International legal scholarship often assumes that populists will have an antagonistic relationship with international law.Footnote 1 But a view from Latin America, where populism has been an object of study since the early twentieth century, tells a more complex story: populist leaders have engaged in multilateralism, promoted regional unity, and attempted to create international institutions. And populists as well as non-populists have resisted international institutions. This essay questions the assumption that populists have an antagonistic relationship with international law, and argues that this assumption lacks robust empirical support and is theoretically underdeveloped. Latin America is a particularly significant site for challenging this assumption, given the prominent role of the executive in foreign relationsFootnote 2 and the rich intellectual history regarding populism itself. The essay concludes by stressing the need for developing a theoretical framework for the study of populism and international law, which international legal scholarship currently lacks. Such a framework should be less Euro-centric and less normatively biased: it should not assume that resistance to international law is always without merit. And it should also allow us to identify what is distinctively populist about populism's relation with international law and which aspects are mediated by populism's host ideologies.

Populism

Populism is a heavily contested term, but the ideational approach to populism has become predominant, especially in political science. The ideational approach posits that populism is a “thin-centered ideology” with certain distinctive elements. It is a thin-centered ideology because it has limited programmatic scope and almost always appears attached to other, thick(er) ideologies (i.e., “host ideologies”).Footnote 3 This explains why populism can be left- or right-wing, nationalist or cosmopolitan. Populism's distinctive elements are a moralistic or Manichean opposition between the elite and the people, on account of which the people are considered homogeneous and pure, and the elite are considered corrupt and self-serving.Footnote 4 Populism also contends that politics should be an expression of the people's general will, which the populist claims to exclusively embody.Footnote 5

Because this approach focuses on ideas, the latter's impact or effects on, say, democracy or international law, are left to empirical study.Footnote 6 The approach is well-suited for this: it sets clear definitional boundaries, allows for the construction of categories, “travels” well across countries, and can be applied at different levels of analysis.Footnote 7

The View from Latin America

Populism's assumed antagonism to international law is often understood as hostility to multilateralism,Footnote 8 international institutions,Footnote 9 and solidarity—or as the embrace of nationalism.Footnote 10 The underlying idea is that populism's anti-pluralism and Manichean opposition between the people and the elites will result in resistance to international law and its institutions, which are perceived as impositions of technocratic elites. Yet, there is no robust empirical support for these assumptions.

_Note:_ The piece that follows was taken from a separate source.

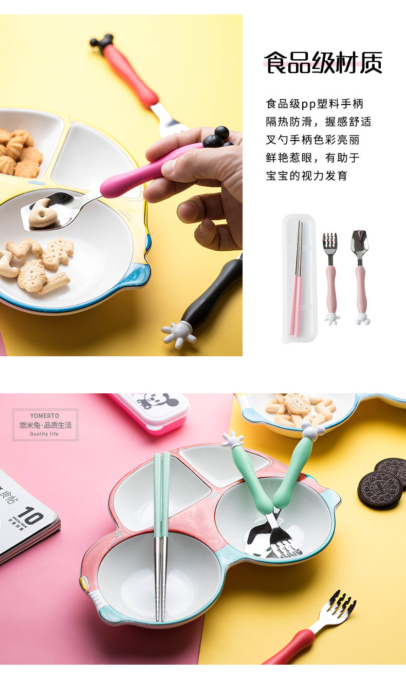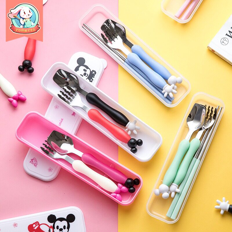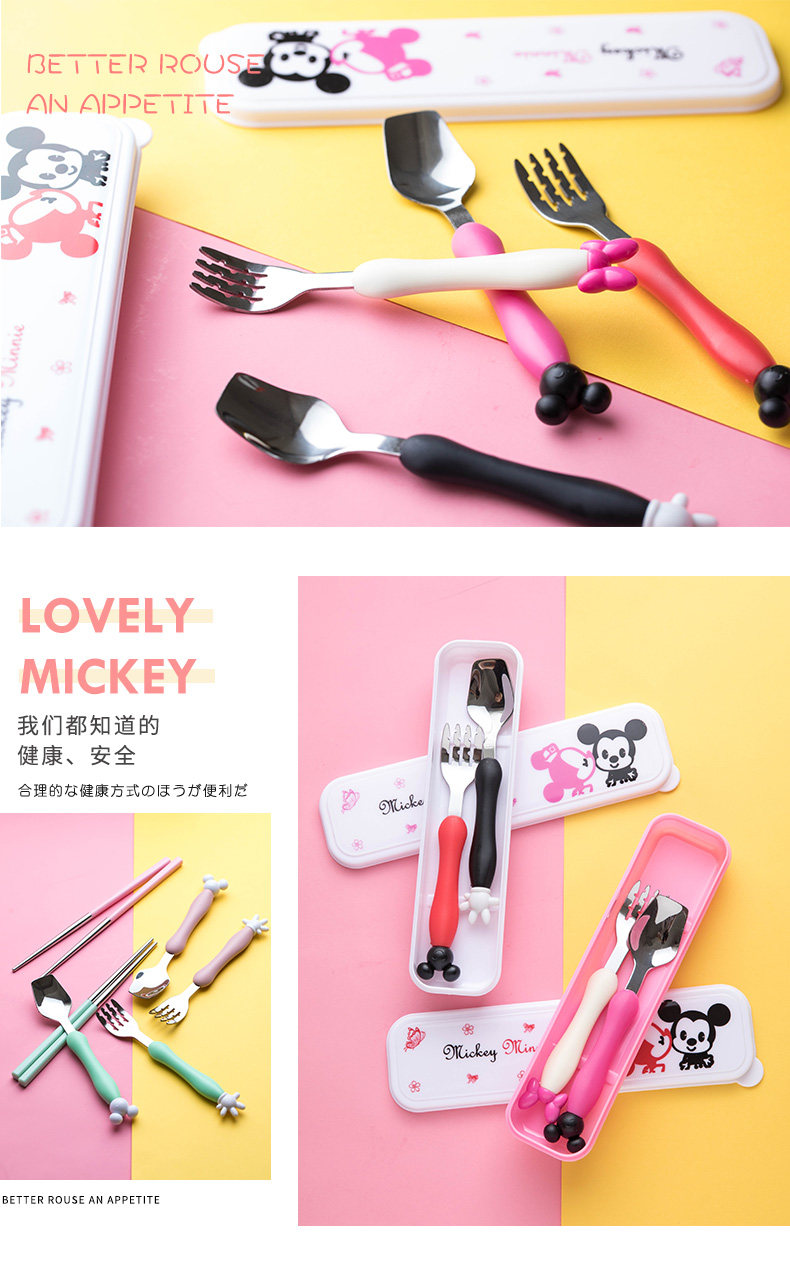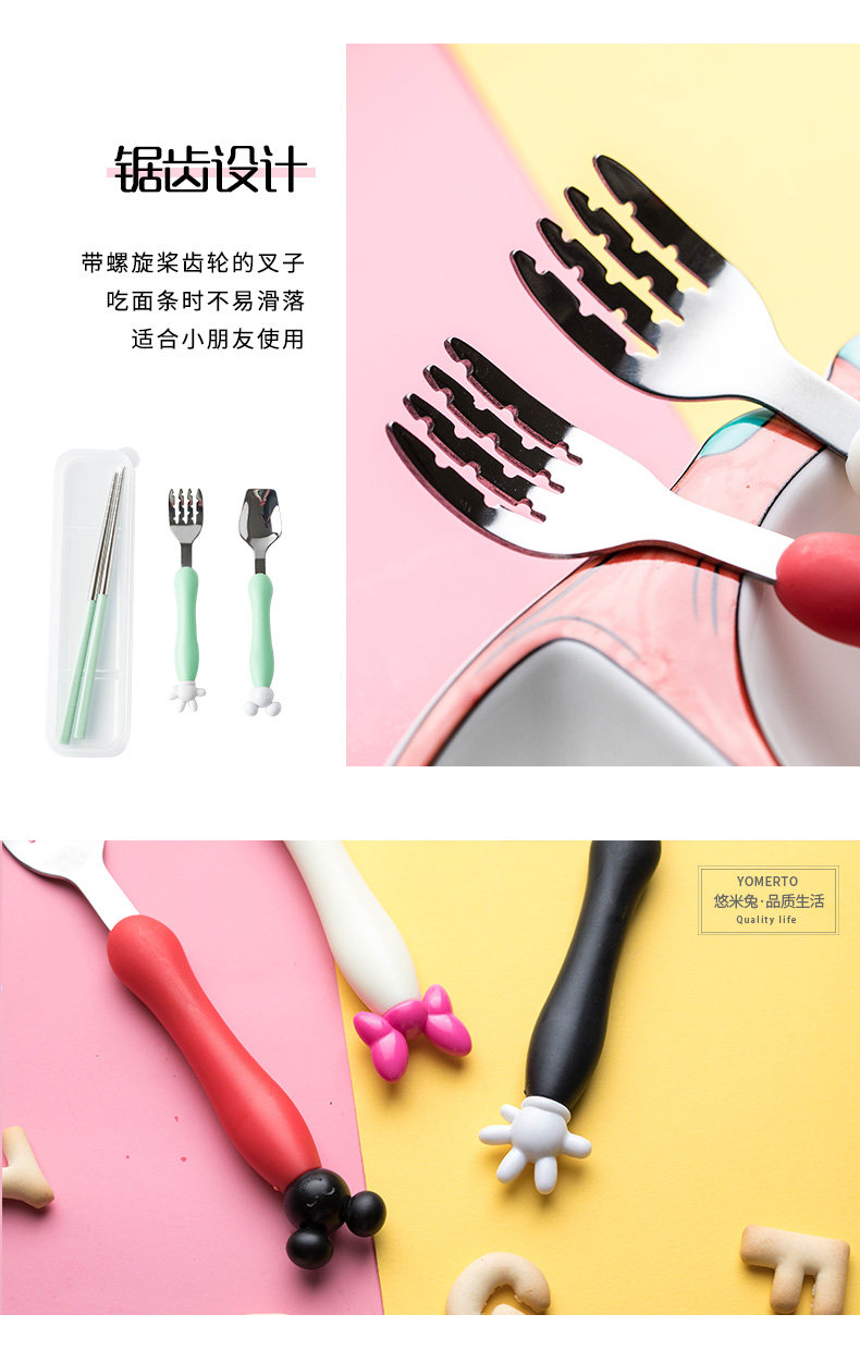 Мультяшная детская портативная посуда из нержавеющей стали для кормления, креативная ложка, вилка, милый комплект

Populist leaders do engage in multilateralism. Venezuela, for example, has shown interest in developing country networks such as the G77 in the United Nations and the Non-Aligned Movement, among other initiatives.Footnote 11 Former President Hugo Chávez also supported the merging of Mercosur and the Andean Community into the Union of South American Nations (UNASUR) and proposed the creation of the Bank of the South (“Banco del Sur”) to replace the International Monetary Fund for Latin America.Footnote 12 Argentina's Juan Domingo Perón promoted a Cold War doctrine of equidistance to the major powers, based on efforts of regional integration; Mexico's Luis Echeverría became the major force behind the New International Economic Order; and Bolivia's Evo Morales has advanced an emerging global law of nature.Footnote 13 Even Brazilian President Jair Bolsonaro's foreign policy, which is based on anti-globalism and anti-communism,Footnote 14 is not anti-multilateralism. Its third pillar—religious nationalism—seeks to construct an alternative, ethno-pluralist, and “God-centered” international order, and has engaged in some conservative-religious international alliances.Footnote 15 Further, a study of foreign policies pursued by far-right populist governments shows that they cooperate with each other and with ideologically opposed governments, and that they are active participants in global affairs.Footnote 16

Regarding international institutions, populism's claim to exclusively representing the people might translate into skepticism toward these institutions, and, particularly, toward those that undercut political representation and accountability of national authorities.Footnote 17 Empirically, both populists and non-populists have resisted international institutions,Footnote 18 which suggests that this is not a distinctively populist phenomenon, but one that is mediated by populism's host ideologies. Indeed, in the case of Latin American left-wing populists—who are also anti-imperialist and anti-United States—attacks against international institutions (and other actors) have focused on those that are perceived as the guardians of neoliberalism in the region: the United States, the International Monetary Fund, and the World Bank.Footnote 19

The “backlash” against the inter-American human rights system is not a uniquely populist phenomenon either.Footnote 20 Venezuela denounced the American Convention on Human Rights in 2012, and Ecuador and Bolivia have argued that the Organization of American States (OAS) is compromised by U.S. influence.Footnote 21 But the declaration delivered in 2019 to the executive secretary of the Inter-American Commission on Human Rights by the permanent representatives of Argentina, Brazil, Colombia, Chile, and Paraguay, did not only come from populist leaders.Footnote 22 Moreover, data reveals that it is national courts, more than the executive, that fail to comply with the Inter-American Court's rulings.Footnote 23

Regarding nationalism and solidarity, populism is not always nationalist,Footnote 24 or against international solidarity. Chávez's diplomacy furthered the move toward South American unity and Latin American and Caribbean unity, and so have other leftwing populists in the region.Footnote 25 Some populist leaders have even constructed the people in a way that transcends borders, a phenomenon some scholars refer to as “transnational populism.”Footnote 26

Examples from Latin America include ALBA, the “Bolivarian Alliance for the Peoples of our America,”Footnote 27 a multinational alliance founded by Fidel Castro and Hugo Chávez, which encourages cooperation and reciprocity.Footnote 28 ALBA claims to represent not just the Latin American people, but people from all over the world—and, particularly, the people of the Global South—who are called to unite to end capitalism, save humanity, and save planet Earth.Footnote 29 ALBA's construction of the people is mediated by the ideology of Americanismo, which emphasizes anti-imperialism and supposes a fraternal identity between the inhabitants of Latin America.Footnote 30

Populism and International Law

These examples suggest that the assumptions about populism's embrace of nationalism and hostility to multilateralism, international institutions, and solidarity lack robust empirical support. “Antagonism to international law” is often conceptualized in terms of these assumptions. Yet, this conceptualization, and the underlying theoretical framework, should be revised, both methodologically and substantively.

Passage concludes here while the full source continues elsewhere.